Even if the output is different from the M control circuit output, it is not updated to the PWM control output, so that the switching period does not exceed the carrier period. Therefore, the conventional carrier asynchronous PWM
It is possible to select a switching element having a smaller allowable switching loss value than the control device. In addition, since switching is performed reliably in a frequency range lower than the carrier cycle, the life of the switching element can be expected to be extended. Further, even if the circuit is replaced with a conventional circuit, the switching loss is designed to have a margin of twice or more and can be applied to the conventional PWM control apparatus. Therefore, it is possible to provide a PWM control apparatus applicable to a wide range of inverter applications.

[Brief description of the drawings]

FIG. 1 is a block diagram showing a configuration of a PWM control device according to the present invention.

FIG. 2 is a diagram showing one embodiment of a PWM control circuit and signal waveforms of various parts.

FIG. 3 is a block diagram illustrating a configuration of a PWM control device.
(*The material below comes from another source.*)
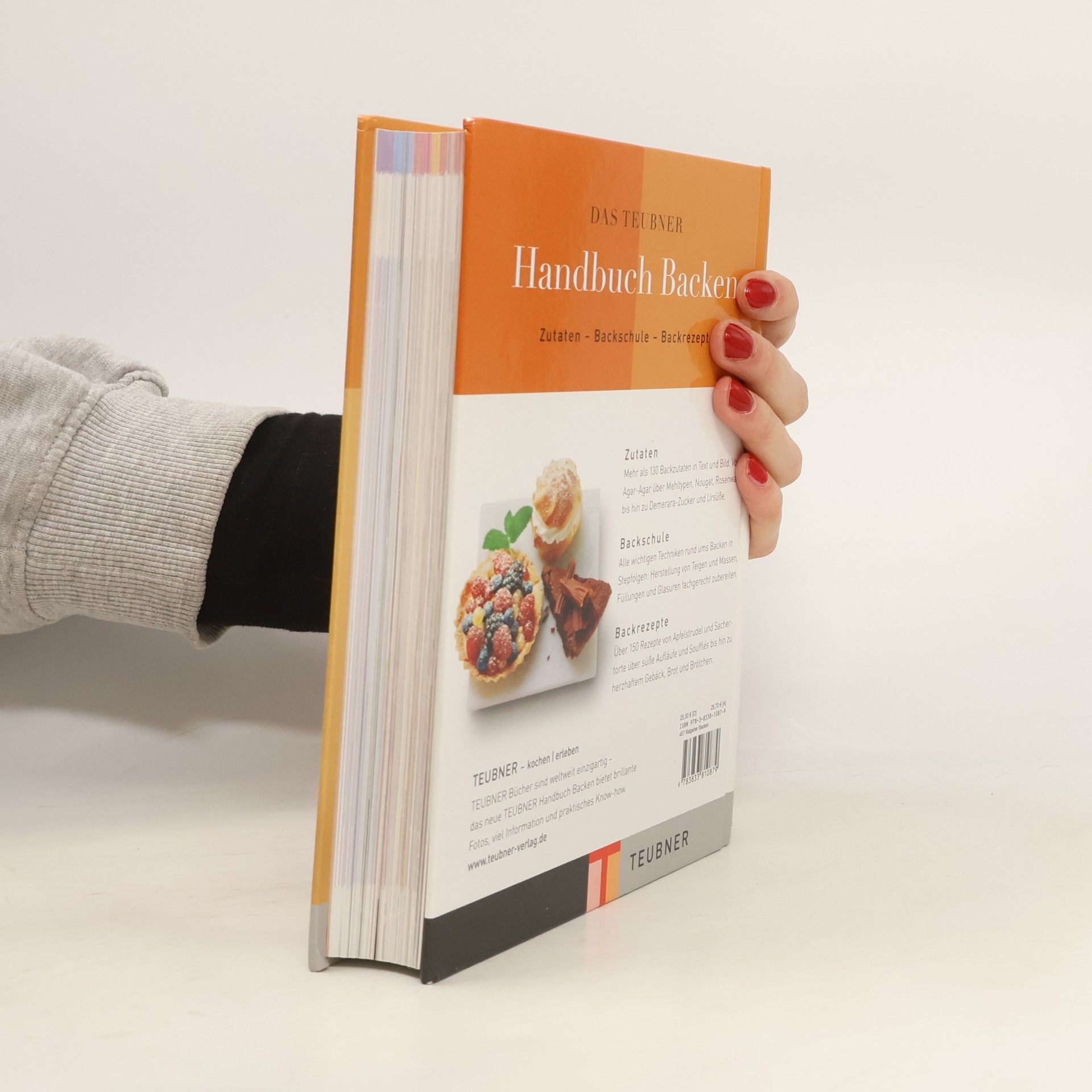 Das informative Nachschlagewerk aus der Reihe TEUBNER Handbücher bietet viel Information, Know-how und Rezepte rund um das Thema Backen. Das Buch gliedert sich in drei Teile: 1. Zutaten, d. h. Produktinformation zu mehr als 130 Backzutaten von Agar-Agar bis Zucker, 2. Backschule, d. h. Backen Schritt für Schritt in Text und Bild. Gezeigt werden die Zubereitung von Teigen und Massen, Verwendung von Kuvertüre, Umgang mit Gelatine, Wasserbad, Blindbacken und vieles mehr. 3. Backrezepte: eine umfangreiche Rezeptsammlung mit über 150 Rezepten bietet Kuchen, Torten, kleines Gebäck sowie Herzhaftes wie Pizza und Quiche aus dem Ofen. Ein PLUS sind die Themenseiten zum Beispiel zu Kaffee, Tee, zur Geschichte des Mehls, Backutensilien, Backformen, über Maße und Gewichte, Liköre und Aromen.

FIG. 4 is a diagram showing an operation of the PWM control device.

[Explanation of symbols]

 REFERENCE SIGNS LIST 1 arithmetic circuit 2 carrier generation circuit 3 start-up clock 41 carrier generation circuit output 42 valley signal 51 U-phase voltage command value 52 V-phase voltage command value 53 W-phase voltage command value 61 U-phase comparator 61 a U-phase comparator output 62 V-phase Comparator 62a U-phase comparator output 63 W-phase comparator 63a U-phase comparator output 71 U-phase control circuit 72 V-phase control circuit 73 W-phase control circuit 80a U-phase PWM control circuit output 80b V-phase PWM control circuit output 80c W Phase PWM control circuit output 81a U-phase positive signal driver 81b U-phase negative signal driver 82a V-phase positive signal driver 82b V-phase negative signal driver 83a W-phase positive signal driver 83b W-phase negative signal driver 201 EXOR circuit 202 AND circuit 203 OR circuit 204 Flip flop 205 Flip flow 206 NOT circuit

Claims (2)

[Claims] 1. An arithmetic circuit for calculating a voltage command value at a certain cycle, a carrier generating circuit for generating a carrier signal at the certain cycle, and each of U, V, and W phases output from the arithmetic circuit U, V, and W phase comparators for comparing a voltage command value and the carrier signal, respectively, and positive electrodes for each of the U, V, and W phases obtained based on the outputs of these phase comparators And a PWM signal for an inverter using the negative polarity signal as a drive signal for the switching element of each of the U, V, and W phases, a start clock of the carrier generation circuit and a valley signal generated at the top and bottom points of the carrier signal. And a PWM control circuit for controlling an output from each of the phase comparators. 2. The PWM control circuit monitors the output of each of the phase comparators when the peak and valley signals are input, and only when the output of each of the phase comparators is different from the output of the PWM control circuit, the start-up is performed. The output of the PWM control circuit is set to the same value as the output of each phase comparator in synchronization with a clock, and once the output of the PWM control circuit is updated, even if the output of each phase comparator changes again, PWM until the signal is input
2. The PWM control device according to claim 1, wherein the control circuit output is not updated.